=== Dataset excerpt ===

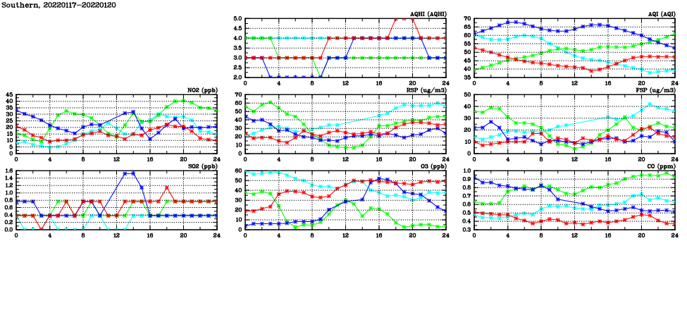 | Air Quality Data Time Series in Southern (2022/01/20) | ( Line colors: Day -3 Day -2 Day -1 Current day ) | 2D Map Current AQHI |
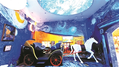 除了沉浸式体验,体验馆还设置了数字艺术画廊区、梵高主题文创区等板块,将梵高画作的经典元素融入场景设置,为观众呈现一个丰富多彩、身临其境的艺术世界。在多种数字技术的加持下,观众不仅是欣赏者,还能成为画面中的“旅人”,亲历梵高的创作情境,感受他对自然、生命与情感的深切表达。
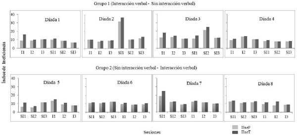 En lo que respecta al Grupo 2, tres de las díadas (la 6 en SI3, la tercera sesión sin interacción verbal, y las Díadas 7 y 8 en SI1) mostraron los mayores índices de ineficiencia (IIneF e IIneT) durante la Fase 1 en la que se restringió la comunicación entre los participantes.

===

### Task requirements:
Leave out the pictures and restate, word for word, the lines from the top of the data through the line containing "除了沉浸式体验,体验馆还设置", both included.

### Task result:
 | Air Quality Data Time Series in Southern (2022/01/20) | ( Line colors: Day -3 Day -2 Day -1 Current day ) | 2D Map Current AQHI |
 除了沉浸式体验,体验馆还设置了数字艺术画廊区、梵高主题文创区等板块,将梵高画作的经典元素融入场景设置,为观众呈现一个丰富多彩、身临其境的艺术世界。在多种数字技术的加持下,观众不仅是欣赏者,还能成为画面中的“旅人”,亲历梵高的创作情境,感受他对自然、生命与情感的深切表达。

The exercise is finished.